### Supplied records:
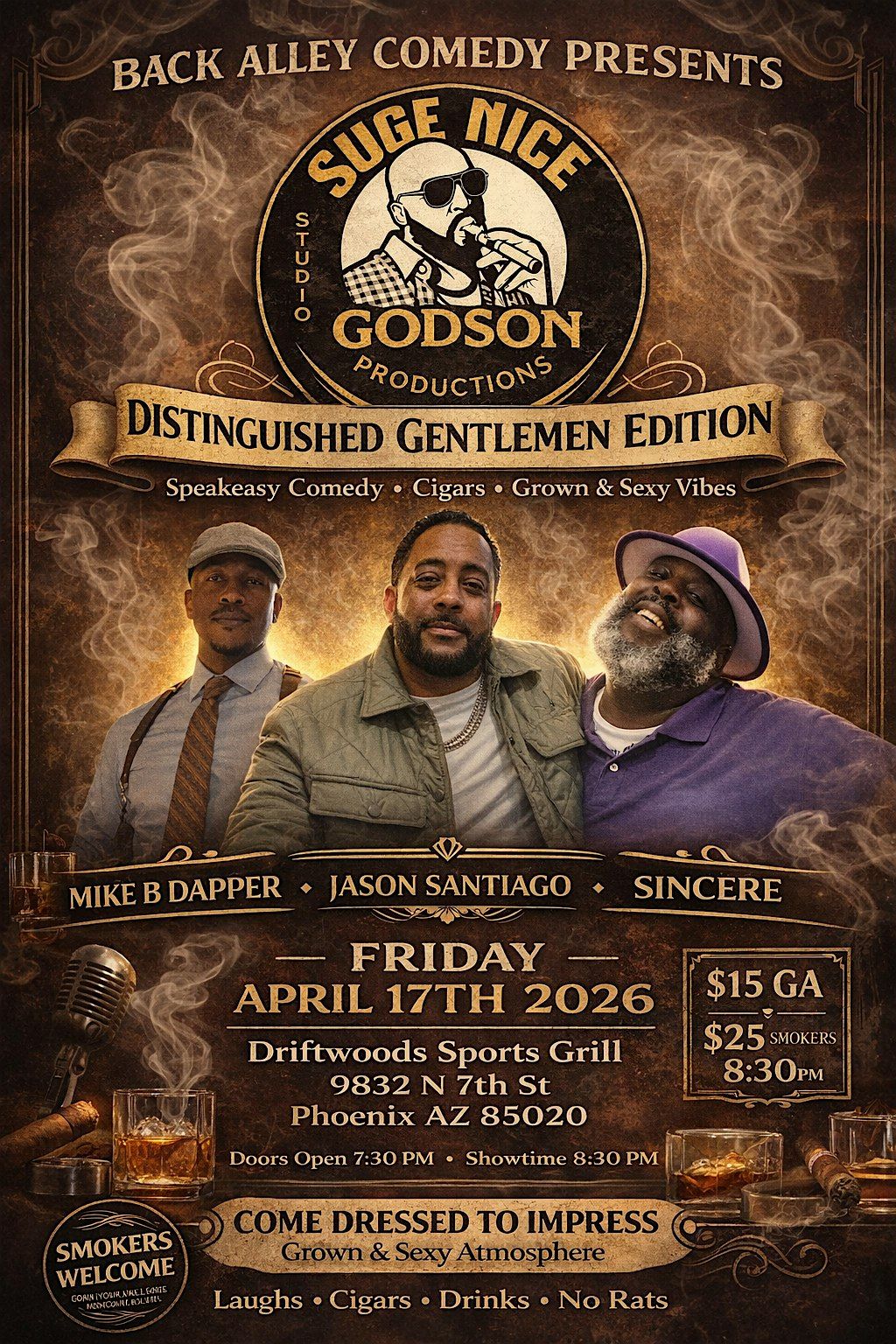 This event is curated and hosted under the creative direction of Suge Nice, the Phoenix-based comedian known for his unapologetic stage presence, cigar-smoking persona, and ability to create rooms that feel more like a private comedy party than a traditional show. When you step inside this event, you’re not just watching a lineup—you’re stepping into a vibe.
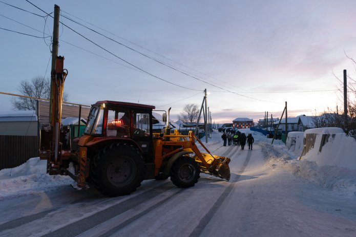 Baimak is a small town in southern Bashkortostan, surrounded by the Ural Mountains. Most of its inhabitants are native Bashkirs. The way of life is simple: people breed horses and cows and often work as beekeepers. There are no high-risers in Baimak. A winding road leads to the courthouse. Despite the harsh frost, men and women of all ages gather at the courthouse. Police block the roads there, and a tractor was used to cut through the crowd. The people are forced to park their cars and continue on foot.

---

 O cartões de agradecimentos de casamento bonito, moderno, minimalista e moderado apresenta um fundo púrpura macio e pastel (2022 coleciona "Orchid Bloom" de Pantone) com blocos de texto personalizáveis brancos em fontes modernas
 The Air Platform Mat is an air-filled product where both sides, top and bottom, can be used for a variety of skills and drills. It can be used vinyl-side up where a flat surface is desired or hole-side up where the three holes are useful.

### Problem requirements:
Only one part of the material above is wanted: the lines from the one with "This event is" up to and including the one with "Baimak is a". Please copy them exactly, pictures left out.

### Written solution:
 This event is curated and hosted under the creative direction of Suge Nice, the Phoenix-based comedian known for his unapologetic stage presence, cigar-smoking persona, and ability to create rooms that feel more like a private comedy party than a traditional show. When you step inside this event, you’re not just watching a lineup—you’re stepping into a vibe.
 Baimak is a small town in southern Bashkortostan, surrounded by the Ural Mountains. Most of its inhabitants are native Bashkirs. The way of life is simple: people breed horses and cows and often work as beekeepers. There are no high-risers in Baimak. A winding road leads to the courthouse. Despite the harsh frost, men and women of all ages gather at the courthouse. Police block the roads there, and a tractor was used to cut through the crowd. The people are forced to park their cars and continue on foot.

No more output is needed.